09/02/2021 Afghanistan (International Christian Concern) – Writing for the American Center for Law and Justice (ACLJ), former U.S. Secretary of State Mike Pompeo has said he fears the ground has been laid for a “potential genocide” of Afghanistan’s Christians. This dire statement comes days after the U.S. fully withdrew from Afghanistan, ceding control of the country to the Taliban.
“The humanitarian crisis that is developing as the Taliban returns to power is likely to become a genocide against Christians if the Biden Administration does not act,” Pompeo wrote. He went on to warn that the persecution of Afghan Christians is “only just the beginning.”

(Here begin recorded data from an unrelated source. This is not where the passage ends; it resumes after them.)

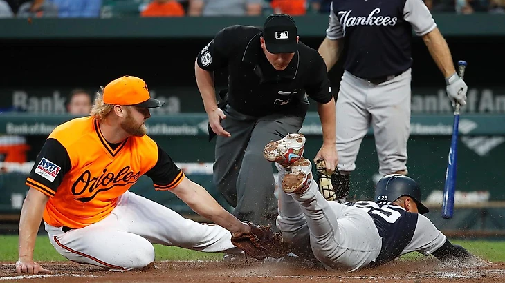 "Балтимор Ориолс"-"Нью-Йорк Янкис" 3:10.Во втором иннинге Ренато Нуньес выбил сингл,а Крис Дэвис и Тим Бэкхем вывели хозяев вперёд.В 3 иннинге Мигель Андухар своим хоум-раном (21) отправил Бретта Гарднера и Аарона Хикса в дом,выведя хозяев вперёд.В 4 иннинге Бретт Гарднер своим хоум-раном (11) отправил Шейна Робинсона в дом,увеличив отрыв гостей.В 8 иннинге Глейбер Торрес выбил хоум-ран (19) и принёс гостям ещё одно очко.В 9 иннинге Аарон Хикс выбил хоум-ран (21),увеличив ещё больше разницу в счёте.Стартовый питчер гостей Джей-Эй Хапп (15-6) заработал 74 страйка,два флай-аута и 5 гранд-аутов.
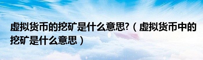大家好,综合小编来为大家讲解下。虚拟货币的挖矿是什么意思?,虚拟货币中的挖矿是什么意思这个很多人还不知道,现在让我们一起来看看吧!
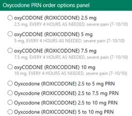 Pharmacy splits almost 2,000 five-mg oxycodone tabs each month to ensure that we can give patients doses of 2.5 or 7.5 mg. Because of how Epic talks to Omnicell, nurses use tablets previously split by pharmacy to make five or 10 mg doses about 12 times per day (~4,000 doses per year).
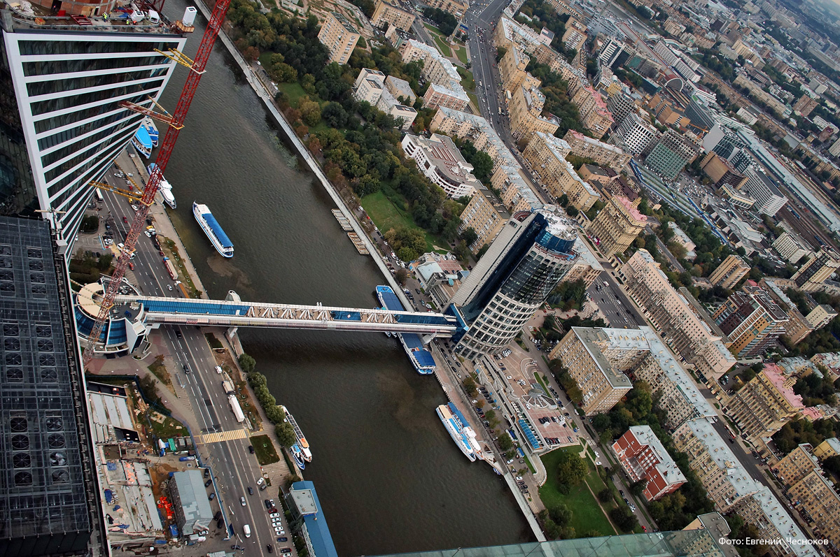 С крутого берега открывалась панорама Краснопресненской набережной, где по соседству с заводом железобетонных изделий и каменоломнями в Камушках в 1977 году был построен первый павильон «Экспоцентра» - выставочного комплекса, принявшего за свою долгую историю сотни международных выставок. По распоряжению федеральных властей советский модернизм Михаила Посохина и Бориса Тхора уступит место современному зданию Национального центра «Россия».
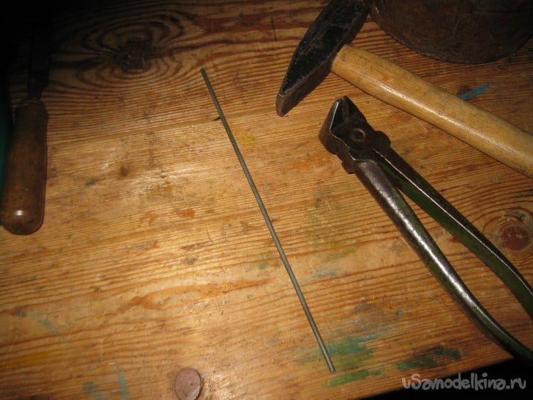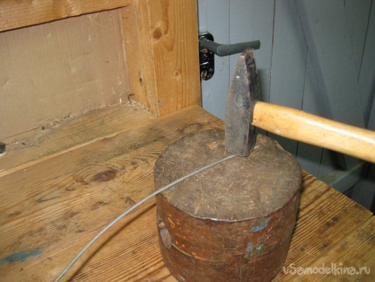 Шаг 1. Сначала выпрямляем проволоку на наковальне при помощи молотка.
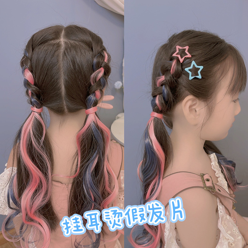 | nameOriginal | Girl's wig hanging ear hair dyeing piece little girl hair extension color wig piece children's sweet cool hair accessories Princess headdress |
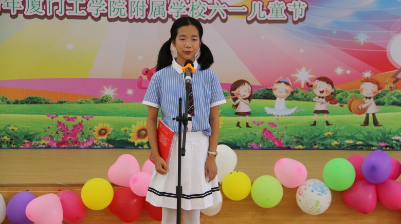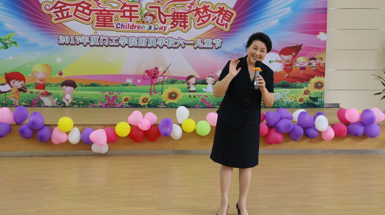 表演结束,校长致辞,祝孩子们儿童节快乐,同时对孩子提出殷切的希望,希望孩子们在我校快乐纯真成长,健康全面发展。校长指出科艺和外语是我校的两双翅膀,这两双翅膀助孩子全面发展。
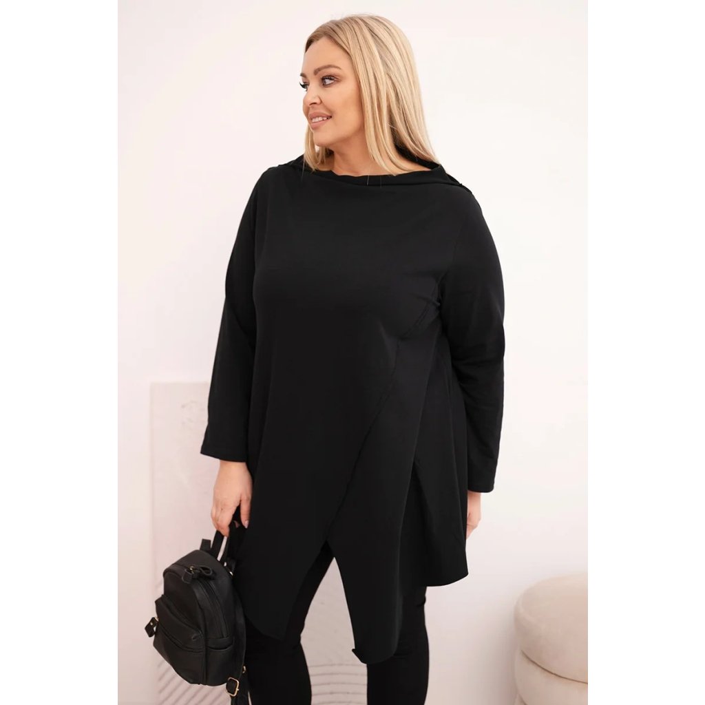 Dámská asymetrická bavlněná blůza Plus Size černá
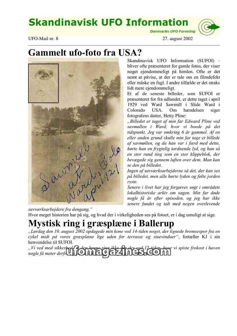 This issue of Skandinavisk UFO Information features a 1929 photograph from Colorado, USA, allegedly showing a large, round aerial object, as described by the photographer's daughte
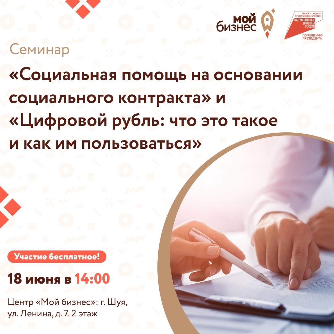 Участие в семинаре бесплатное, необходимо пройти регистрацию поссылке: https://forms.yandex.ru/cloud/66572cd502848f1353cb235e/ . Более подробную информацию о семинаре можно получить у специалистов муниципального офиса Центра «Мой бизнес» в г. Шуя по телефону: +7(49351)2-84-84.
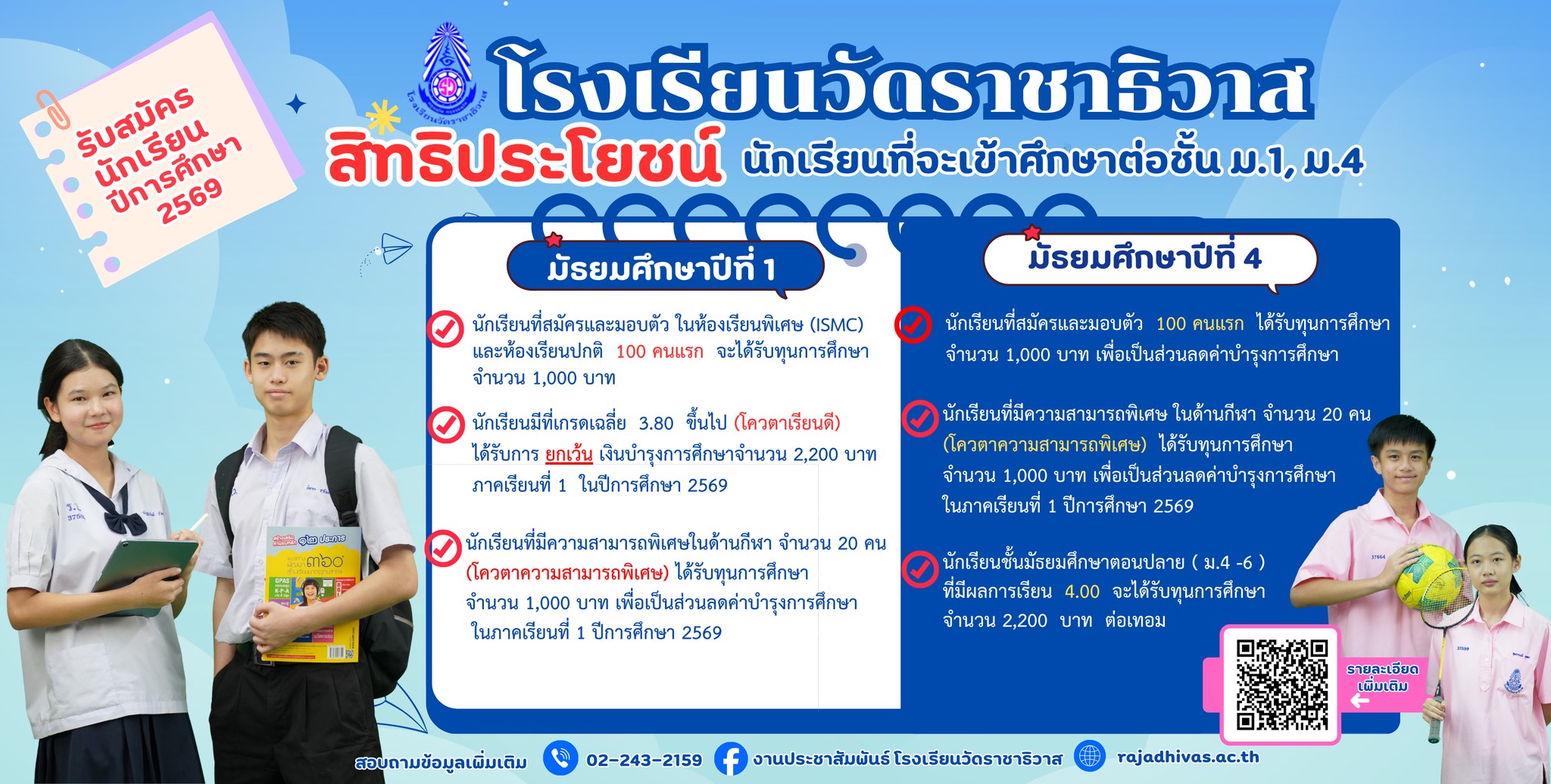 ดูรายละเอียดเพิ่มเติมได้ที่ >> งานประชาสัมพันธ์ โรงเรียนวัดราชาธิวาส

“Given that many of them are Muslim converts – a crime punishable by death under the dictates of Shariah Law which the Taliban has openly embraced – the possibility of there being a genocide against Christians in the wake of this withdrawal is extremely high,” Pompeo continued.
With the Taliban’s victory now complete, minorities in Afghanistan are bracing for increased persecution, including the country’s small and secretive Christian community.
“Some known Christians are already receiving threatening phone calls,” the Christian leader told International Christian Concern (ICC) in the days following Kabul’s fall. “In these phone calls, unknown people say, ‘We are coming for you.’”
While ICC has not confirmed any targeted killings of Christians, Release International’s spokesman, Andrew Boyd, claimed at least one Christian has been killed by the Taliban.
“The Taliban have been checking phones to check if there are any bibles downloaded onto their phones,” Boyd told GB News. “We have a report that at least one Hazara has been killed as a result of this.”
Afghanistan’s Christian community is almost exclusively comprised of converts from Islam. Some estimate the Christian population to be between 8,000 and 12,000, making it one of the country’s largest religious minority groups. However, due to extreme persecution, the Christian community remains largely closeted and hidden from the public eye.
Their status as converts makes Afghan Christians direct targets for persecution by both extremist groups and society in general. In Afghanistan, leaving Islam is considered extremely shameful, and converts can face dire consequences if their conversion is discovered.
In many cases, known Christians must flee Afghanistan or risk being killed.
According to the Taliban’s ideology, Afghanistan is a Muslim country, and non-Muslims must leave Afghanistan or accept second-class status. For Christians coming from convert backgrounds, the Taliban will consider them apostate and subject to Shariah’s deadliest consequences.